Many thanks in advance
It's difficult to point a finger at something concrete without having access to both sources, but you are most likely dealing with datasets with different resolutions and precisions, latter is also visible from your object's geometries, 71.00423 38.47541
vs -81.81 24.54
. Even with same/similar resolution and precision it would be highly unlikely to get a perfect match for shapes from different data sources, so intersection with neighbours is expected (+1 @VinceGreg's comment).

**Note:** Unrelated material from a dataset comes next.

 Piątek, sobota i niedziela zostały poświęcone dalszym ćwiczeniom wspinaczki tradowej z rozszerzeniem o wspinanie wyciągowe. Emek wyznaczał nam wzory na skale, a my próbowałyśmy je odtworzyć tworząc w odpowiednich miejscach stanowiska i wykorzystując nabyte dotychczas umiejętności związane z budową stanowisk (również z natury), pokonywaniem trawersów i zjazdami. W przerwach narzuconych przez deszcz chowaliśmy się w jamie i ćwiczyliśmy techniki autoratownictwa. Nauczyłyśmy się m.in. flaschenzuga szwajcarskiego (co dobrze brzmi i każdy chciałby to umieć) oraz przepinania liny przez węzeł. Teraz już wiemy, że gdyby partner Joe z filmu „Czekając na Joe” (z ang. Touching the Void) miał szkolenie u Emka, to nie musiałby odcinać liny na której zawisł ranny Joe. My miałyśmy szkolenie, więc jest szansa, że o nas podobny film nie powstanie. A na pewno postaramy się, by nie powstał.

Just to illustrate, we can take GIFT_shapes()
for Estonia and check which mid-res shapes from GISCO are intersecting, along with a higher-res country outline for reference:
library(sf)
#> Linking to GEOS 3.12.1, GDAL 3.8.4, PROJ 9.3.1; sf_use_s2() is TRUE
library(GIFT)
library(ggplot2)
# 2016; resolution: 1:20million
countries <- giscoR::gisco_countries[, "CNTR_ID"]
# Estonia
GIFT_est <- GIFT_shapes(entity_ID = 11456)
#> You are asking for the latest stable version of GIFT which is 3.2.

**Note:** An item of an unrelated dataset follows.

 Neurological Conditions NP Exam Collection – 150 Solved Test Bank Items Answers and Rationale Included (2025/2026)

#> ================================================================================
intersecting_countries <-
st_join(
countries,
GIFT_est,
left = FALSE
) |>
# crop with extended bbox for plot
st_crop(st_bbox(GIFT_est) + c(-.2, -.2, .2, .2))
#> Warning: attribute variables are assumed to be spatially constant throughout
#> all geometries
intersecting_countries[, 1:2]
#> Simple feature collection with 3 features and 2 fields
#> Geometry type: MULTIPOLYGON
#> Dimension: XY
#> Bounding box: xmin: 21.56417 ymin: 57.31555 xmax: 28.40378 ymax: 60.05231
#> Geodetic CRS: WGS 84
#> CNTR_ID entity_ID geometry
#> 82 EE 11456 MULTIPOLYGON (((27.83301 59...
#> 138 LV 11456 MULTIPOLYGON (((27.75134 57...
#> 185 RU 11456 MULTIPOLYGON (((28.40378 59...
ggplot() +
geom_sf(data = intersecting_countries, aes(fill = CNTR_ID)) +
geom_sf(data = GIFT_est, fill = "white", alpha = .6 ) +
# 1:1million outline for reference
geom_sf(data = giscoR::gisco_get_countries(resolution = "01", country = "Estonia"), color = "navy", fill = NA) +
scale_fill_viridis_d() +
coord_sf(expand = FALSE)
Or you can just check https://gift.uni-goettingen.de/map .
You might get desired result by first generating st_point_on_surface()
points from polygons of one dataset (centroid is not guaranteed to end up in the polygon) and joining those to polygons from another:
GIFT_est |>
st_point_on_surface() |>
st_join(giscoR::gisco_countries)
#> Warning: st_point_on_surface assumes attributes are constant over geometries
#> Warning in st_point_on_surface.sfc(st_geometry(x)): st_point_on_surface may not
#> give correct results for longitude/latitude data
#> Simple feature collection with 1 feature and 17 fields
#> Geometry type: POINT
#> Dimension: XY
#> Bounding box: xmin: 25.50592 ymin: 58.62939 xmax: 25.50592 ymax: 58.62939
#> Geodetic CRS: WGS 84
#> entity_ID geo_entity point_x point_y area x_min x_max y_min
#> 1 11456 Estonia 25.54518 58.67211 45483.44 21.76361 28.21478 57.51511
#> y_max entity_class entity_type polygon_source CNTR_ID CNTR_NAME
#> 1 59.82264 Mainland Political Unit GADM EE Eesti
#> ISO3_CODE NAME_ENGL FID geometry
#> 1 EST Estonia EE POINT (25.50592 58.62939)
With projected CRS I would expect it to work quite well, with geographic coordinates that warning above should probably not be taken too lightly.